Deb Susan Asks: Jogger or Corpse?

For a mystery author, the conflict usually starts before the novel and expresses itself – unpleasantly – as soon as the book begins.

My family calls this “jogger or corpse.”

When you read a mystery novel or watch a detective show on TV, the opening scenes often show a person engaged in mundane activity. She’s running through a wooded park. He’s brushing his teeth while watching the morning news.

This represents a divergence from other genres, which often open with car chases, bombs, or other disasters in progress. Why? Because every experienced reader knows the innocent person buying a latte on the corner will soon discover a body … or become one.

Instant stakes.

Mysteries require a murder – a killer, a victim, a crime scene laced with interesting clues and a background cast of suspects (all of them liars). Those opening scenes set the stage, and although the initial setting seems peaceful, we know that a killer (or body, or both) is lurking immediately offstage.

I love the opening moments of mysteries – my own or someone else’s. Those moments when all the world is a suspect and also a victim. The tension of wondering whether that jogger is murderer, body, detective or innocent bystander stumbling into an appetite-spoiling scene.
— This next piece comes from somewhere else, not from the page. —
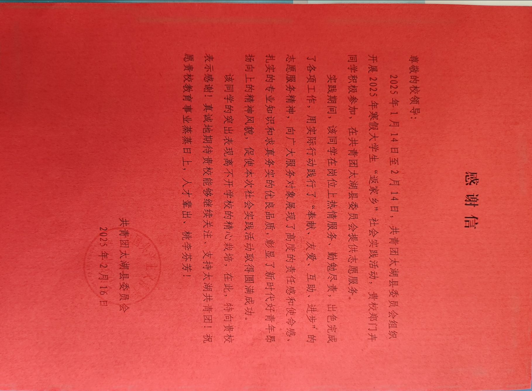 人文学院团委大力推动大学生“返家乡”社会实践活动。同学们通过“创青春”公众号“返家乡”栏目踊跃报名,或自行联系家乡实践单位,深入基层一线。2023级学科教学(语文)郑门卉同学在太湖南站开展为期一个月的志愿服务工作,以良好的沟通能力、组织协调能力协助工作人员维持车站秩序,为出行旅客提供悉心的帮助。近期,人文学院团委收到来自团太湖县委员会的感谢信,信中对郑门卉在实践志愿服务工作中的表现予以高度的评价和赞扬。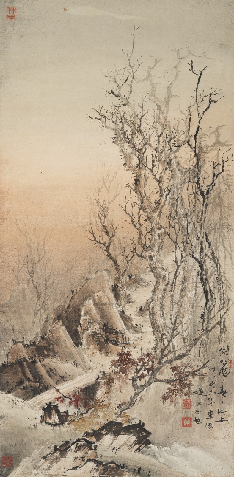 高劍父縱橫於中國、西方與東洋等繪畫,在古今之間反覆觀照,令他更深刻領悟中國繪畫的要旨——筆墨與氣韻,既回應南朝謝赫六法中述及的「氣韻生動」與「骨法用筆」,同時通過唐代張璪提出「外師造化,中得心源」的創作方式,把書畫家的心靈、天分、人格與學養以筆墨與氣韻展現在書畫上。高劍父體會到國畫異於他國藝術的獨特之處,亦為國畫覓得在世界藝術中得以獨樹一幟的立足點。他的《煙寺晚鐘》以西方透視及寫生展現霧中古寺的詩情畫意,其《雪裏殘荷》描寫西湖彈指間的霜雪使荷花凋零錯落,他以書法般放筆直書的筆觸繪畫衰殘的莖葉與蓮蓬,具象與抽象之間借景抒情,讓人感受到他心境的淒冷。《喜馬拉雅山》是高劍父在印度、尼泊爾、緬甸等東南亞國家壯遊後回國所作,此作始於寫生,並以南宋夏圭的斧劈皴描繪山勢,用白色凸顯高光之處,增加視覺對比,又以日本畫技法渲染背景、南亞勝景為題材,是將各國藝術特色共冶一爐的經典之作。

To me, that’s tension at its finest.

By way of illustration, and also temptation, I offer the opening paragraphs from my upcoming Shinobi mystery, Claws of the Cat:

Father Mateo strolled through the narrow yard, hands folded and face cast down in meditation. His shoulders bent against the pre-dawn chill. The first two weeks of May had been warm in Kyoto, but this morning the switch to his summer kimono seemed just a bit premature.

At the other end of the garden a shadow snaked over the wall and into a cherry tree with no more sound than a spring wind rustling leaves.

The priest walked on, unaware.

I see two people in this scene.

Are they jogger, detective, witness, bystander, or corpse?

What’s your favorite part of a mystery novel? Do you prefer the “jogger or corpse” style opening or or are you a fan of action-style tension in opening scenes? I’d love to know what you think!

6 Replies to “Deb Susan Asks: Jogger or Corpse?”

  1. I’m a fun of the jogger or corpse opening too! Although some authors have made me care too much about the corpse! Well, probably not really too much because it makes me definitely root for finding the killer. But sad. Also – AAAAH. I want to know what awaits in the cherry tree!

  2. Am I going to be reading your book with one eye closed? I’m the gal that leaves the room if I think someone on TV is hiding behind the curtains!

    Oh, the things I do for Debs! 😉

    1. Hmm…I think you’ll be OK. There’s definitely a lot of action and suspense, though. Couldn’t be otherwise with a ninja in the driver’s seat!

  3. Jogger or corpse — I *love* this expression. My husband and I watch lots of murder mysteries (both old school British ones like Inspector Morse and the Inspector Lynley Mysteries and newer ones like the Danish version of The Killing), and they all start with that quiet tension where you wonder, “Is that guy about to get whacked? Or is he going to find a body?” Can’t wait to read your book!!

    1. I love that too! I am reading a mystery right now that takes awhile to get to the corpse and everytime someone walks onto the page I’m thinking, “him? Is he the one who gets it?” and it makes the shorthand you’ve invented especially useful!

      I once read a mystery where the jogger goes for a run in central park and investigates something totally weird looking/smelling, and you think, oh, there’s the corpse! But it’s just a pile of garbage bags dumped illegally. And then he shrugs his shoulders and turns around to run home and bam gets shot. It was HILARIOUS. I mean, in a weird morbid way. Anyone know what book that was?